By default, distributions are assumed to be independent. We can correlate two uncertain objects using `a.corr(b,rho)`, implemented via Gaussian copula (see notes for details). 

After applying any numerical operations to `Uncertain` objects, sampling and evaluation only occur when calling a function like `mean()`, `quantile()` or `sample()` is called.

Full documentation can be found at: https://dubious.readthedocs.io/en/latest/api/modules.html

### Installation
With python v3.9+ `pip install dubious`

### Caveats

- If several instances of the same `Uncertain` object are involved in an operation these are assumed to represent the same variable so the samples used to calculate these values for each will be identical.
- Correlation between Uncertain objects is currently implemented using Gaussian Copula.

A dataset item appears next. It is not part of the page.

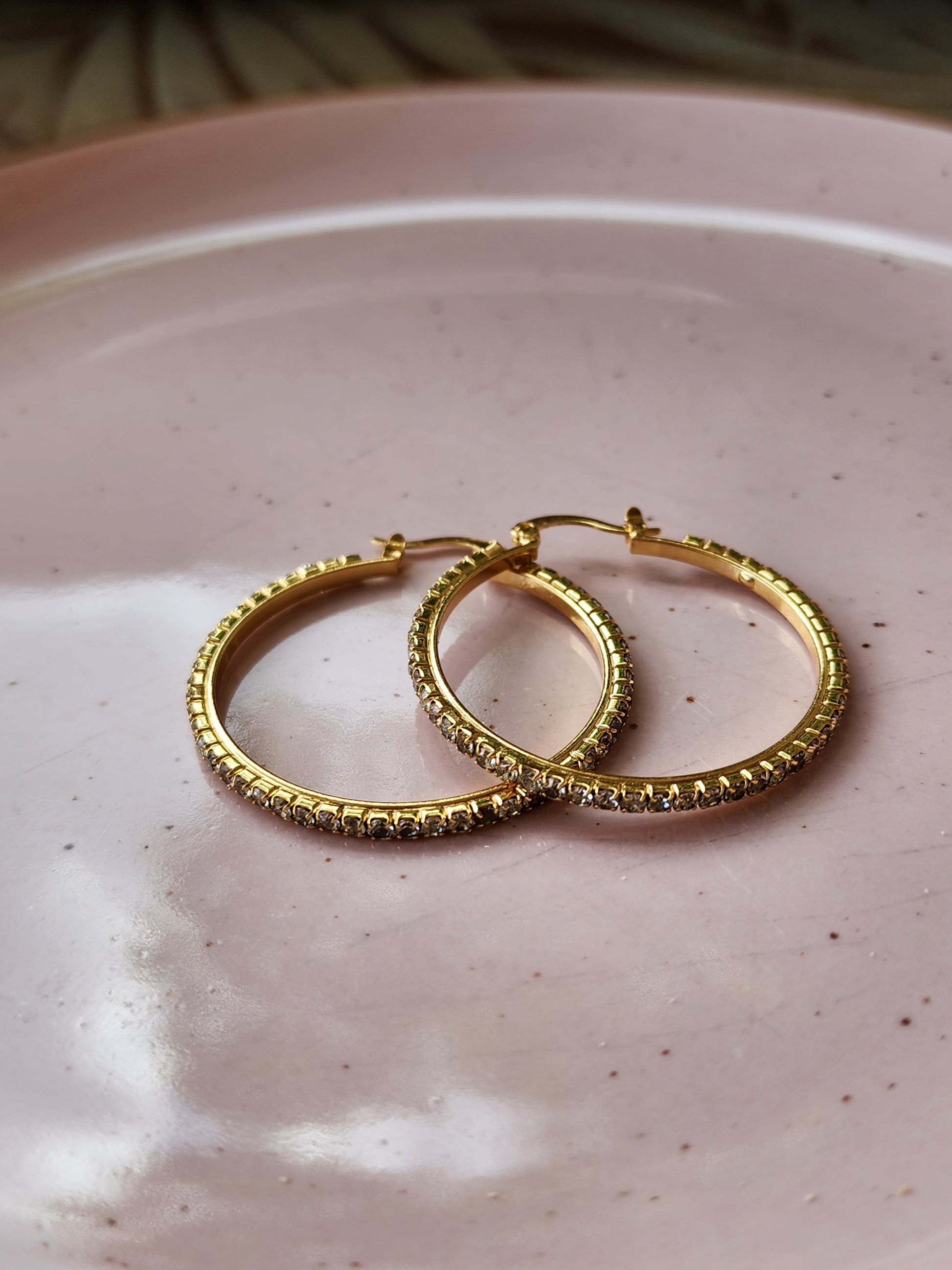 Te kolczyki TAFFY Glam Hoops mają 38mm i 40mm hipoalergiczne materiały pozłacane 14k. Idealne na specjalne okazje, te kolczyki dodadzą każdej stylizacji glamour.

This rank based correlation and the rho value used to correlate different objects is NOT the same as the pearson coefficient. Copula based correlation is accurate across most of the distribution, but in the 99th and 1st percentiles we underestimate by about 3%. This under-estimation continues to grow further into the tails. 
- RNG can be controlled via `Sampler()` objects, these can be constructed using either a seed, or a `substratum.Generator()` object and passed into any function that uses MC sampling methods. Alternitvely, you can call freeze on a context object to ensure the same samples are used for subsequent methods.


### Classes
`Distribution()`:
Currently supporting Normal, LogNormal, Beta and Uniform distributions. Distribution objects also support using other distribution objects for their parameters, although this may lead to unexpected behaviour in cases where parameters can become negative. These cases currently throw a warning and are clamped to 1e-06, but the onus is on the user to ensure that input distributions will provide statistically correct results.

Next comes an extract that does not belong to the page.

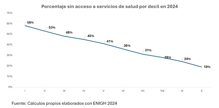 Según la ENIGH, en 2024, 63 por ciento de la población mexicana, equivalente a 82 millones de personas, declaró tener acceso a servicios de salud pública, es decir, sí contaba con un sistema de salud que le brindaba atención. Sin embargo, de forma preocupante, 37 por ciento de la población, equivalente a 48 millones de personas, declaró no contar con acceso a servicios de salud pública. (ENIGH 2024). Los datos también revelan que las personas con menores ingresos en el país y que están en mayor situación de pobreza y marginación, tienen menor acceso servicios de salud. Como muestra la gráfica, 58 por ciento y 53 por ciento de los hogares en los deciles I y II, que son quienes tienen menores ingresos, carecen de este acceso, mientras que, en los hogares en el decil IX y X con los mayores ingresos, sólo 24 por ciento y 19 por ciento carecen de acceso.
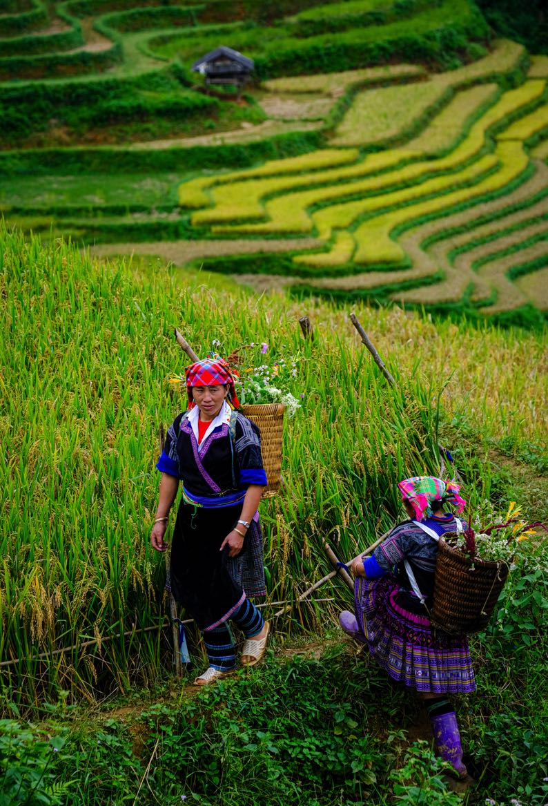 Tạm biệt Tây Bắc, chúng tôi lại vượt đèo hướng về Đông Bắc, đến với Hoàng Su Phì (Hà Giang) nơi có những ruộng bậc thang cổ nhất và cao nhất Việt Nam, cũng là điểm địa đầu kết thúc vòng cung ngắm lúa miền núi phía Bắc. Trái với những đoạn đường hiểm trở đầy thử thách mà cánh lái hay truyền tai nhau: “Nhất Su Phì, nhì Bắc Mê” thì bình lặng và dịu êm sẽ là cảm giác đầu tiên của du khách sau khi đặt chân tới đây. Không có cái náo nức của Mù Cang Chải (Yên Bái) hay rộn ràng sôi động của Sa Pa (Lào Cai), Hoàng Su Phì ghi dấu bởi lững lờ mây trôi ôm trọn dãy Tây Côn Lĩnh và yên ả dưới chân kia là bạt ngàn ruộng bậc thang. Xa xôi nhất như bản Phùng giáp biên nước bạn, hay ngược về bản Luốc, Hồ Thầu, Nậm Ty; nối tiếp nhau ruộng đâu nhà đấy, mùi hương lúa chín cùng hơi thở núi rừng bâng khuâng mời gọi. Trong số 23 xã của Hoàng Su Phì thì Thông Nguyên nức tiếng nhất. Với địa thế quần sơn tụ thủy, nơi hợp lưu của 3 con suối lớn (Phìn Hồ, Nậm Ông, Nậm Khòa) biến nơi đây thành một vùng bình nguyên được phù sa bồi lắng ngay lưng chừng núi. , Nhờ vậy mà lúa vẫn đượm vàng rực rỡ trĩu bông bất chấp địa hình ghập ghềnh quanh co. Hạt gạo Thông Nguyên hay những mâm xôi ngũ sắc cũng nhờ thế mà trở thành sản vật đặc trưng, tề danh cùng trà Shan Tuyết cổ thụ nồng đượm của xứ này.

For each you distribution can get `mean()`, `var()`, `quantile`, `cdf()` and `sample()`.

`Uncertain()`:
Uncertain objects are the wrapper for distributions that allow them to be used like numeric values. Alongside being able to perform numeric operations on these uncertain objects, they support the same properties as standard distributions (mean, variance, sampling and quantile). You can apply the exact same operations on these objects you might apply to real data, and easily calculate the propagated uncertainty that comes from using several unreliable input values.

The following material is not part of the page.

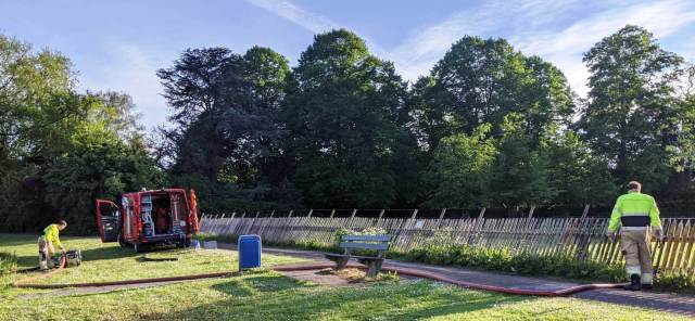 Vrijdagavond 22 mei kwam de brandweer in actie om te voorkomen dat de waterpartij in het hertenkamp droog zou vallen. Het waterpeil was door de droogte ver gezakt en de waterpartij dreigde in een modderpoel te veranderen. Hiermee werd voorkomen dat er dieren vast zouden komen te zitten in de modder. Dat overkwam vorig jaar de pauw, die toen ternauwernood kon worden gered. Brandweermannen bedankt voor jullie inzet!

To ensure the same output after repeated calls, Uncertain objects support `freeze()` and `unfreeze()`, although this only freezes a single Uncertain object. It is recommended to instead freeze the entire context for truly deterministic results.

Get a summary of metrics via `summary()` or check input sensitivity via `sensitivity()`. `local_sensitivity()` allows you to pass a dict of uncertain objects and corresponding values, returning the sensitivity at that specific neighbourhood within the sample space.

`Context()`:
Context objects own the graph through which we track computations. You can add uncertain objects from different contexts, but be aware that this creates a new context in the process. To avoid this, create all new uncertain objects with ctx =  _Your context object_. You can also easily get a reference to a newly created `Context` via `ctx = my_uncertain_object.ctx`.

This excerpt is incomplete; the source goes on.